Robotics simulation is powerful, but creating robot models is tedious. URDF (Unified Robot Description Format) requires precise XML: links, joints, inertials, collision geometries. A single typo or misplaced origin can break everything. We wondered: what if you could describe a robot in plain English and get a working, simulated URDF?

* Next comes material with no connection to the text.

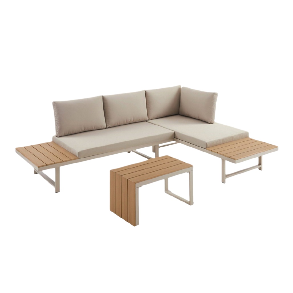 Canapé d'angle modulable pour extérieur en aluminium et tissu - 200 x 100 x 75

We were inspired by the gap between natural language (how humans think about robots) and formal representations (how simulators need them). LLMs excel at structured output—why not bridge that gap for robotics?

What it does

The project turns natural language into simulated robot URDFs. You type "A 4-legged dog robot" or "A box with 4 wheels"—and get a valid, physics-tested URDF in seconds.

Core features:

  • Natural language generation — Describe any robot; the LLM produces URDF XML
  • Image-to-URDF — Upload a sketch, diagram, or photo; GPT-4o vision analyzes it and generates a matching URDF
  • RAG-augmented generation — Retrieves relevant URDF snippets from a library (quadrupeds, hexapods, wheeled bases) to improve output quality
  • Validation pipeline — Parse checks (urdfpy), link position checks (no overlapping geometry), effort limits (no floppy robots)
  • Physics simulation — PyBullet runs a 5-second sim; detects explosions, fall-over, self-collisions
  • Error feedback loop — When validation or simulation fails, the error is fed back to the LLM for automatic retry (up to 5 attempts)
  • Iterative refinement — "Make it heavier," "add another wheel," "shorter legs"—modify existing robots with follow-up prompts
  • Multi-terrain stress testing — Flat, uneven, stairs, slope; score robots across all terrains
  • Export — URDF → MJCF (MuJoCo) and SDF (Gazebo) conversion
  • Web UI — 3D preview (Three.js + urdf-loader), history, leaderboard, feedback suggestions

How we built it

Architecture: A three-stage pipeline—Generate → Validate → Simulate—with an orchestrator agent that retries on failure.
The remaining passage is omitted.